Mr Sharon (85) died on Saturday after spending the last eight years of his life motionless in a hospital bed, pitched into a coma by a stroke and far from the public gaze. The death of the ex-general reopened debate into his legacy. Foes denounced his ruthless conduct in military operations while friends praised him as a strategic genius who as prime minister stunned the world in 2005 by pulling Israeli troops and settlers out of the Gaza Strip - a Palestinian territory in the south.

“The security of his people was always Arik’s unwavering mission - a non-breakable commitment to the future of Jews, whether 30 years or 300 years from now,” Mr Biden said, using Mr Sharon’s nickname. There was no direct mention of events that made Mr Sharon a hated figure in the Arab world, such as the 1982 invasion of Lebanon that he masterminded as defence minister.

However, in his eulogy, Mr Blair said a man known at home as “the bulldozer” had left “considerable debris in his wake”.

Mr Biden referred simply to his “mistakes”, saying: “History will judge that he also lived in complex times, in a very complex neighbourhood.” The Israeli foreign ministry said dignitaries had come from 21 countries, mainly in Europe, but did not list any delegations from the Middle East, Africa or Latin America.

Israel prime minister Benjamin Netanyahu, noting he had not always seen eye-to-eye with Mr Sharon on policy matters, praised the former leader’s commitment to Israel’s security. “Arik understood that in matters of our existence and security, we must stand firm,” Mr Netanyahu said. “Israel will continue to fight terror. Israel will continue to strive for peace, while protecting our security. Israel will act in every way to deny Iran the capability of arming itself with nuclear weapons.”

Beefy and brusque, Mr Sharon was seen as a strategic genius at home, with his crossing of the Suez Canal in the 1973 Yom Kippur war against Egypt still studied in military college. By the same token, the drawn-out 1982 campaign in Lebanon is seen as his worst mistake, which hit a low tide when hundreds of Palestinian civilians in the refugee camps of Sabra and Shatila were killed by Israeli-allied Christian militiamen.

Mr Sharon was forced to stand down as defence chief in 1983 after an Israeli investigation said he bore “personal responsibility” for not preventing the massacre.
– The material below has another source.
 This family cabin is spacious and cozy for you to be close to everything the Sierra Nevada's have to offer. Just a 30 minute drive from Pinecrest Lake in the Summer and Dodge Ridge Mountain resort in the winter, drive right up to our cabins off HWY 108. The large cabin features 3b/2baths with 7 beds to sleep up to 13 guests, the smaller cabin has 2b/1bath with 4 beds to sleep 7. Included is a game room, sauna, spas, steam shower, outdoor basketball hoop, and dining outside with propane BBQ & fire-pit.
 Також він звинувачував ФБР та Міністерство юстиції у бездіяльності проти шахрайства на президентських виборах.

Written off at the time, he soon bounced back and served as prime minister from 2001 until he was felled by a stroke. Neither Netanyahu nor Peres mentioned the Lebanon war or disengagement from Gaza, which showed Israel could roll back its occupation of the Palestinian territories given determined leadership. Both Mr Biden and Mr Blair welcomed the pullout.

However, one of Mr Sharon’s friends, settler leader Zeev Hever, made clear the sense of hurt felt by some Israelis. “Your disengagement in the final two years of your term from the path we had walked together was particularly difficult and painful,” he told mourners.
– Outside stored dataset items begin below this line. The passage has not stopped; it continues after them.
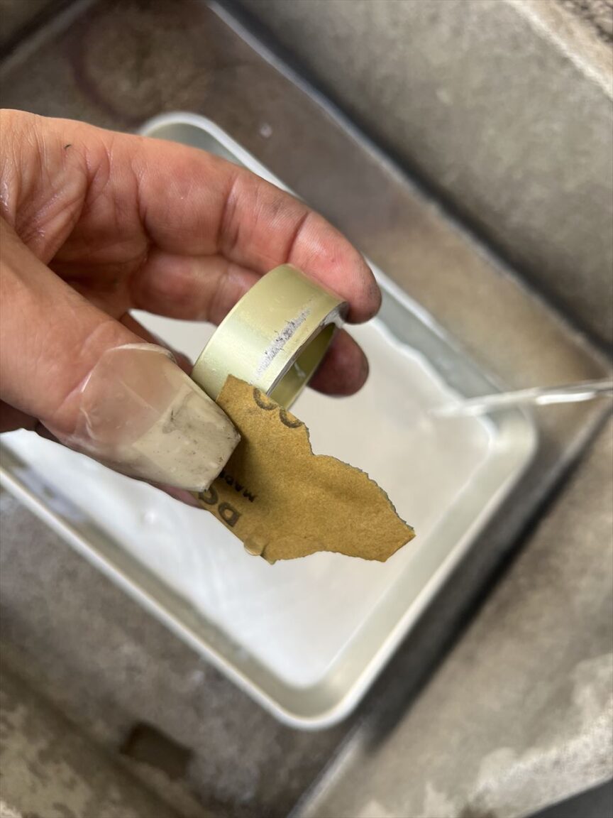 ピストンは先端部に傷が多いので、#1000番の細かいサンドペーパーでクリーニングします。
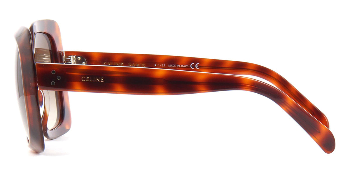 Celine CL40096I 55F model kare güneş gözlüğü, koyu havana çerçeve ve kahverengi degrade lensleriyle şıklığı ön plana çıkarıyor. Celine, lüks modanın öncüsü olarak, zarif tasarımları ve mükemmel işçiliğiyle dikkat çekiyor.
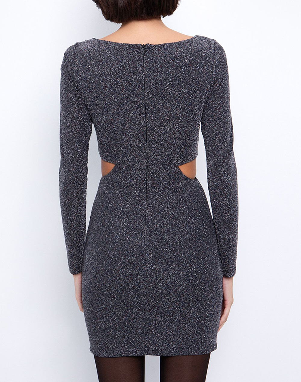 Γυναικείο μίνι φόρεμα, σε εφαρμοστή γραμμή, μακρυμάνικο, με ύφανση με λάμψεις, σχέδιο με κοψίματα στο πλάι και κλείσιμο πίσω με κρυφό φερμουάρ. (Σύνθεση: 62% Πολυαμίδιο, 34% Μεταλλικές Ίνες, 4% Ελαστάνη)

Two years after Israel quit Gaza, the Islamist group Hamas seized control, calling for the destruction of the Jewish state. Israel had beefed up security for Mr Sharon’s burial and warned Hamas not to allow rocket fire during the ceremony.

Hamas interior minister Fathi Hamad denounced “our worst enemy, the cursed Sharon” during a rally in Gaza to mark the 2008/9 war with Israel. How to handle Gaza is among the sticking points in Israel’s US-sponsored peace negotiations with Palestinian president Mahmoud Abbas, Hamas’s rival based in the occupied West Bank.

During his brief visit to Israel, Mr Biden will discuss the so far fruitless diplomatic efforts with Mr Netanyahu and Mr Peres, US officials said. The vice president will also seek to ease Mr Netanyahu’s concerns about world powers’ interim nuclear deal with Israel’s arch-foe Iran, which takes effect on January 20th.

Mr Sharon and Mr Peres are the last of the so-called 1948-generation of leaders who played a prominent role in Israeli public life right from the foundation of the nation.

“He left us too soon. But the work of trying to reach peace continues,” said Mr Biden, hinting that had Mr Sharon stayed healthy, he might have ended the decades-old Middle East conflict.